Валерьян Петрович даже головой в сторону повел, словно ему стало больно. Он осторожно высвободил руку, подвинул к себе свободный стул и сел напротив Тони.
— Слушай, — сказал он и медленно положил свою толстую ладонь на Тонино плечо. — Слушай! Не могу я… Честное слово, не могу. Хотел бы, но не могу… Невозможно мне это сделать.
— Почему? — прошептала Тоня.
— Я, девочка, тоже на фронт ухожу. Когда, не знаю, но — ухожу. В райкоме заявление мое лежит.
— Заявление? Да ты что? — громко и удивленно вдруг заговорил совсем было примолкший печник. — Да ты же из возраста вышел! Твой год не берут.
— Добровольцем возьмут. Не станут брать — добьюсь, — спокойно ответил Валерьян Петрович.
— А школа? А ребят учить?
— Поучат пока другие. Те, кто и в самом деле не могут воевать.
— Ишь ты! Они, значит, не могут, а ты сможешь. Ты у нас вояка, без малого Суворов… — горько усмехнулся Бабашкин.
— Что же, что не Суворов? Если надо, смогу, — все так же спокойно сказал Валерьян Петрович. А я представил себе, как он, толстый, лысый, с одышкой, будет выглядеть в солдатской пилотке, в зеленой стеганке с ремнем. Мне стало грустно.
Сразу увиделось и другое: школа без нашего директора. Вернее, я попытался представить это, да не смог. Ну не смог — и все! Ведь всю свою жизнь я знал: если школа, то это значит и Валерьян Петрович. Если Валерьян Петрович, то это значит и школа. Одно без другого никогда не существовало и существовать не может, по крайней мере для меня…

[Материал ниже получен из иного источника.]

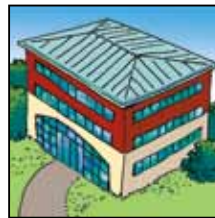
At your office . . .

PROS: Live digital feed and 24/7 Internet access for the next six months; accessible in the office, at home or anywhere worldwide with Internet access; avoid travel expense and hassle; no time away from the office.

Я так задумался, что перестал слушать, о чем говорят дальше; только вижу, старики Бабашкины делают друг другу какие-то знаки, перемигиваются и все поглядывают на Тоню. Потом тетка Евстолия наклонилась к печнику и давай что-то нашептывать ему
И вот она выпрямилась и велит старику:
— Сказывай. Не тяни, сказывай!
Старик еще раз кивнул, расправил ершистые усы, переложил шапку из одной руки в другую и говорит:
— Петрович, послушай-ка… Вот мы со старухой пошептались и надумали: не взять ли нам Тонюшку-то к себе? Ну что ей, в самом деле, в приют идти? У нас ей будет не хуже. Сам знаешь, нам не впервой.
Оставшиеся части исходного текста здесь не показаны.